A côté de ces réalisations à Porokhane se trouve la restitution de la résidence Cheikh Khadim de Touba où il a construit le premier bâtiment, mais aussi la construction de mosquées et maisons dans des régions du Sénégal. L’on se demande comment il faisait pour participer à la mise en œuvre des initiatives des khalifes généraux, pour subvenir aux besoins des personnes sous sa responsabilité mais aussi pour financer tous les projets précités. En fait Mame Moustapha ne ratait aucune activité économique. A commencer par les cultures hivernales et maraîchères, l’embouche bovine sans oublier l’exploitation forestière et le reboisement. De l’arachide, du mil, du maïs et du sésame dans les départements de Kafrine, de Mbacké et de Nioro. D’ailleurs, il était l’un des plus grands producteurs de ces denrées au Sénégal. Le niébé à Louga, son expérience dans les cultures hivernales était incontestable. C’était sa manière de montrer aussi son patriotisme. Du riz à Rosso Béthio où il demeure le riziculteur le plus régulier. Gombo, oignon, arachide de bouche et aubergine amère, enfin les haricotes verts, des choux et des tomates à Pout. Dans ces différentes localités où il était perçu comme l’ennemi venu récupérer les terres des habitants, il avait fini par être non seulement l’exemple à suivre mais aussi le porte-parole de tout paysan auprès des autorités. Sa devise était, ‘‘je ne suis l’ennemi de personne sinon l’ami de celui qui veut travailler’’.
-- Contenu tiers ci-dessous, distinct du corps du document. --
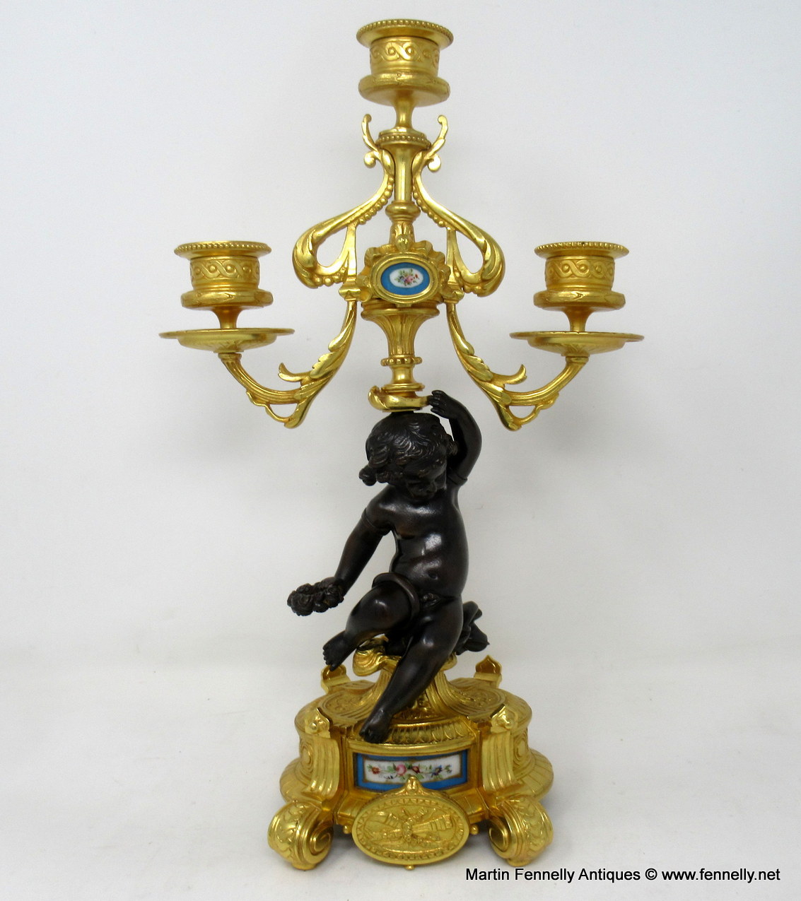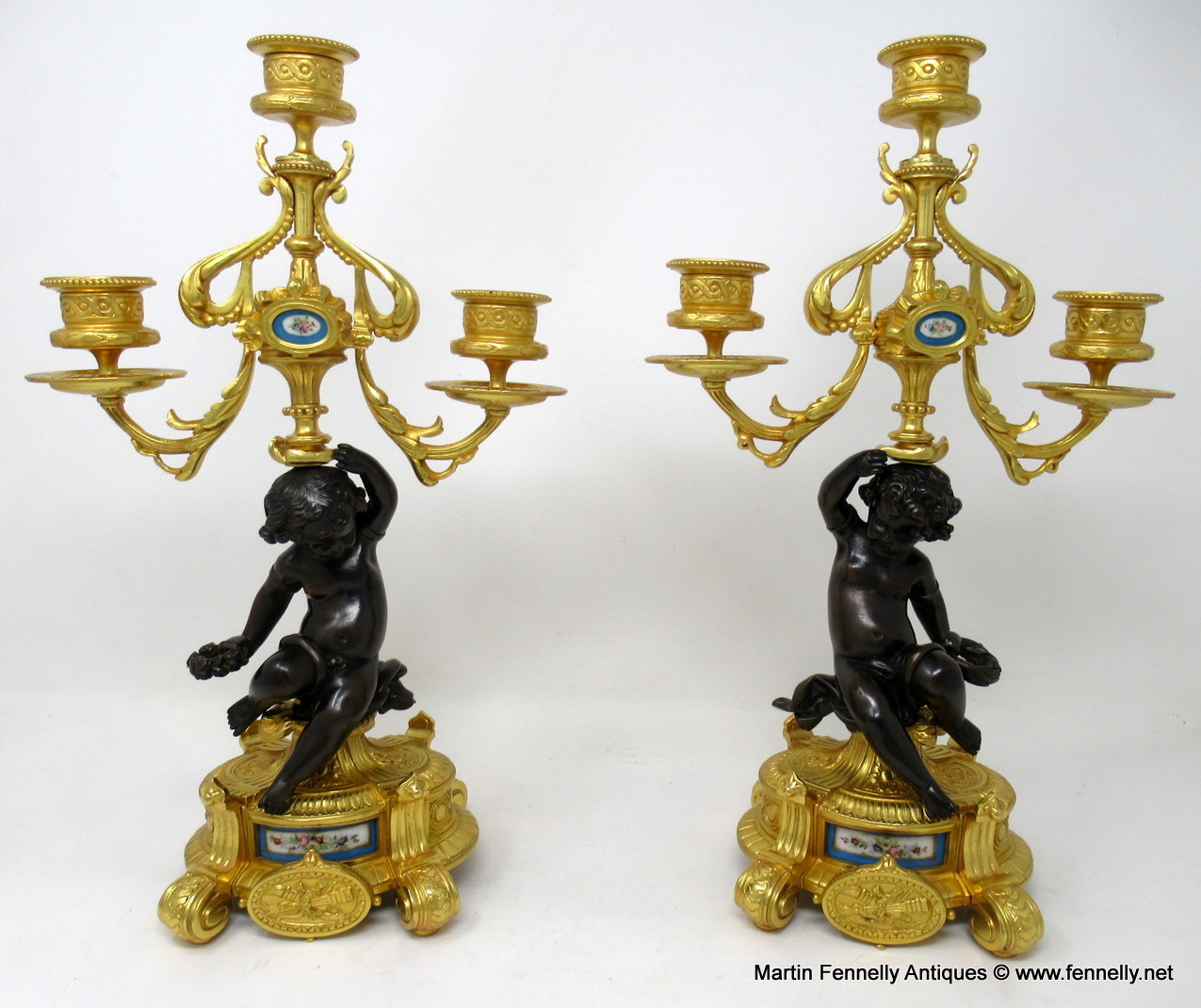 Each with a central seated patinated solid bronze Cherub holding a loft on one hand a three-branch candelabra and a naturalistic wreath on the other, ending on an ornate circular ormolu base with a hand decorated celeste blue porcelain inset and a superb oval central ormolu plaque depicting a pair of flame torches, supported on four scrolling feet.

Mame Moustapha, le diplomate, le citoyen modèle…
Ayant un sens élevé de la citoyenneté, il vouait un respect aux autorités étatiques ainsi que leurs symboles. Une manière pour lui de montrer la voie aux populations pour garder fortes nos institutions. Les différents présidents de la République le lui rendaient bien cette marque de sympathie. De Senghor, qui le consultait sur des grandes décisions, à Abdoulaye Wade qui avait fait de lui un grand partenaire dans le domaine agricole, en passant par Abdou Diouf, qui a perdu un compagnon. Les différentes communautés rurales à sa possession à savoir, Darou Minam Saloum, Touba Saloum, Mboul, Typ, Boustane, Darou Salam Pakathiar, Nasrou, Tawfeex, Nawel, Keur Madiabel, entre autres ne manquaient jamais de payer leurs taxes.
Parler de Serigne Moustapha prendrait des nuits et des nuits. Aujourd’hui le vide qu’il a laissé est si énorme. Le mal est profond et c’est ce même chagrin qui anime presque tout le monde qui t’a connu. L’écriture guérit sans faire de bruit dit-on voilà pourquoi j’ai pris la plume. Oui aujourd’hui que le pays a décidé de porter à la connaissance de tous ta vie et ton œuvre par le biais de documentaires télévisées, la plaie a été remuée…
A Dieu Maam Cheikh Moustapha Bassirou.